[Supplied material]

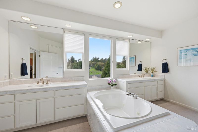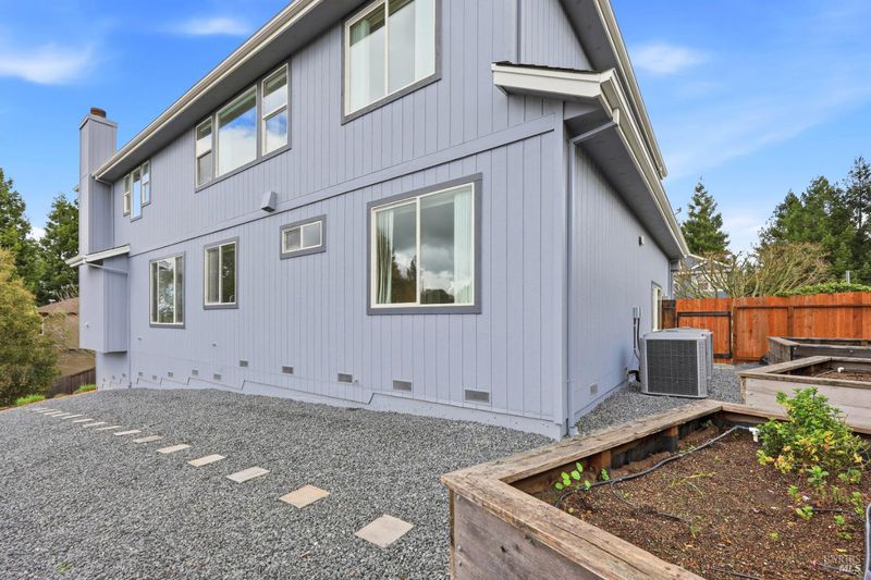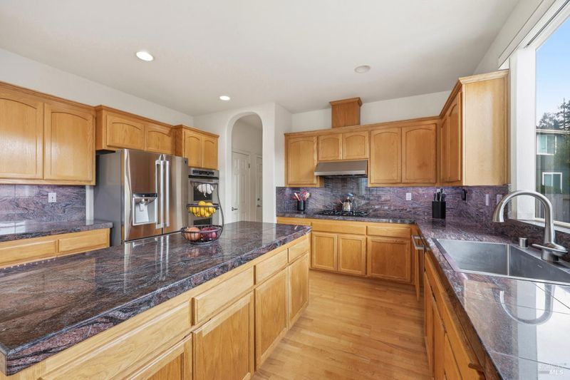 Lovingly maintained by the original owners, this 3,065 sf home features five bedrooms, three full baths, and one half bath. An ensuite bedroom is located on the main level. Cathedral ceilings and natural light grace the spacious living and dining room areas. A dream kitchen with granite island and counters, large pantry, two ovens, warming drawer, gas stove top, and generous cabinetry. The gas fireplace in the family room creates a warm ambiance on cool winter evenings. Your favorite books and art pieces will find the perfect home on the beautiful built-in book shelves. Artistic design creates the elegant primary bedroom with attached bathroom including two individual vanities, jetted tub, stall shower and large walk-in closet. The home features an HVAC system for each level as well as a generator, a three-car garage and raised beds for herbs and vegetables. The large patio area awaits your personal touches with lounges, tables and umbrellas. Close proximity to shops, restaurants, parks, schools and ongoing activities in the quaint town of Sebastopol.
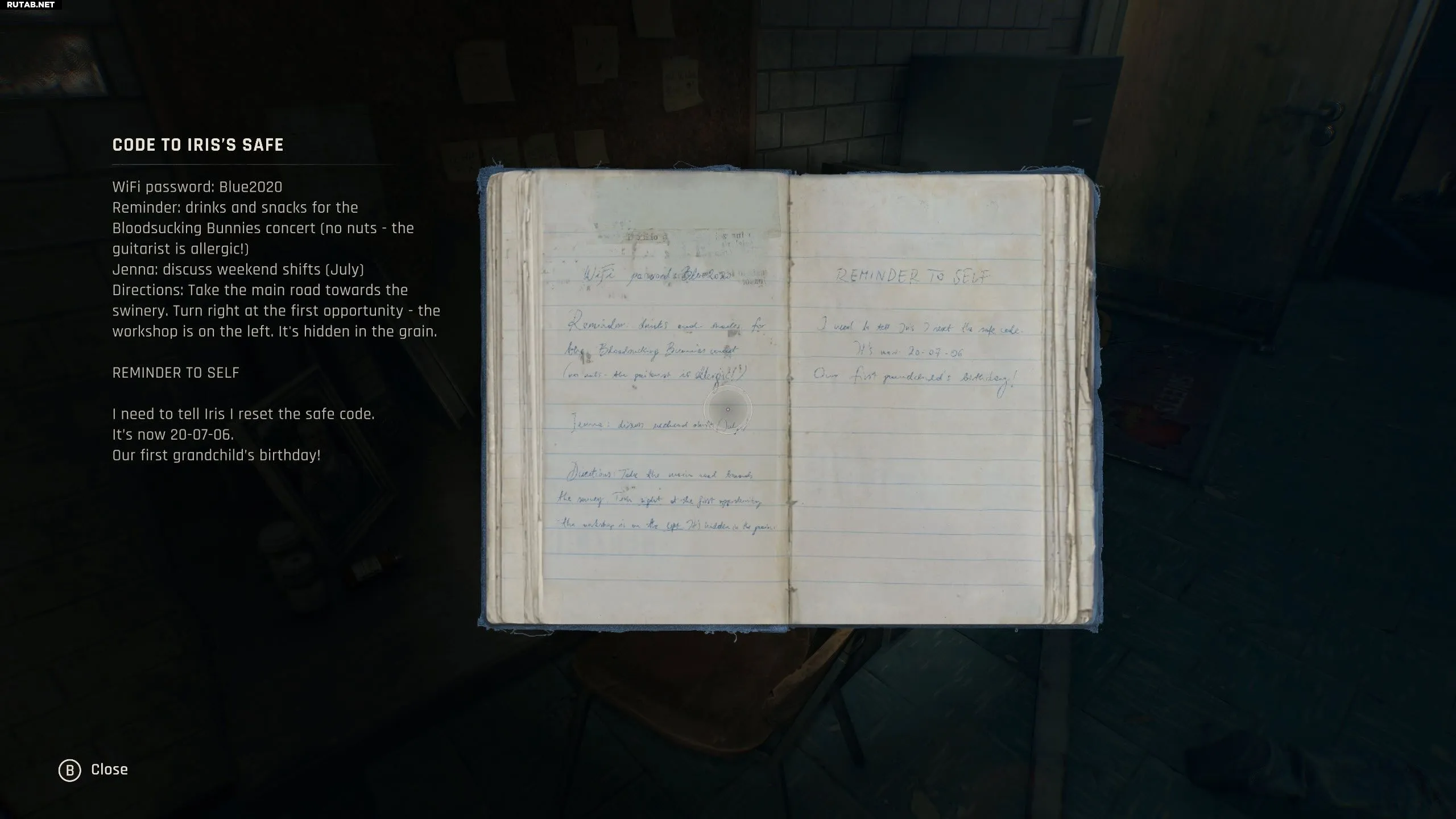 В комнате вы найдёте несколько предметов для сбора и запертый сейф на книжной полке. Код от сейфа неизвестен. После разговора с Амелией она направит Кайла в магазин мужа Ирис в Старом городе.
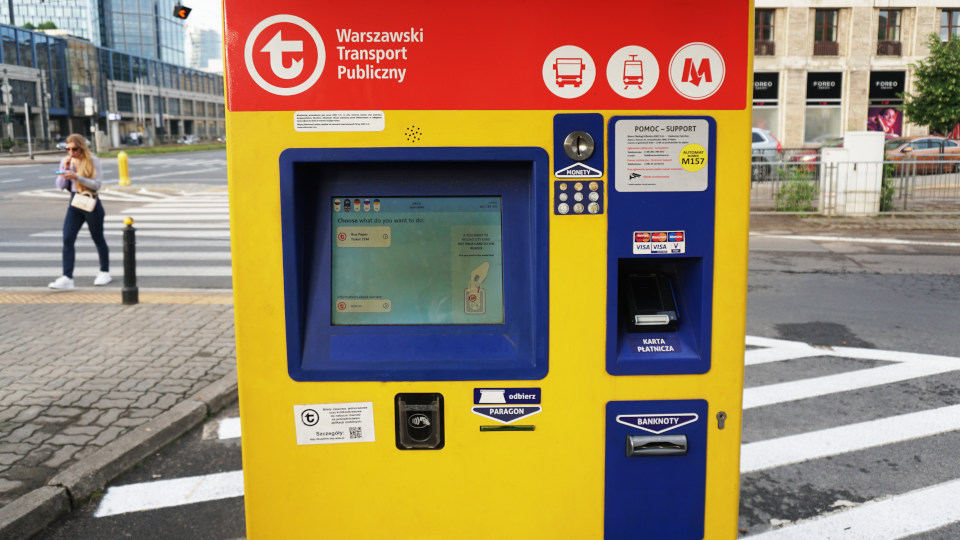 「Pl. Unii Lubelskiej 05」電停から4番トラムに乗って、ミルクバーへ向かいます、トラム内の券売機。

[How to complete this task]
Print the full listing above again with exact wording and no images.

[Exercise response]
 Lovingly maintained by the original owners, this 3,065 sf home features five bedrooms, three full baths, and one half bath. An ensuite bedroom is located on the main level. Cathedral ceilings and natural light grace the spacious living and dining room areas. A dream kitchen with granite island and counters, large pantry, two ovens, warming drawer, gas stove top, and generous cabinetry. The gas fireplace in the family room creates a warm ambiance on cool winter evenings. Your favorite books and art pieces will find the perfect home on the beautiful built-in book shelves. Artistic design creates the elegant primary bedroom with attached bathroom including two individual vanities, jetted tub, stall shower and large walk-in closet. The home features an HVAC system for each level as well as a generator, a three-car garage and raised beds for herbs and vegetables. The large patio area awaits your personal touches with lounges, tables and umbrellas. Close proximity to shops, restaurants, parks, schools and ongoing activities in the quaint town of Sebastopol.
 В комнате вы найдёте несколько предметов для сбора и запертый сейф на книжной полке. Код от сейфа неизвестен. После разговора с Амелией она направит Кайла в магазин мужа Ирис в Старом городе.
 「Pl. Unii Lubelskiej 05」電停から4番トラムに乗って、ミルクバーへ向かいます、トラム内の券売機。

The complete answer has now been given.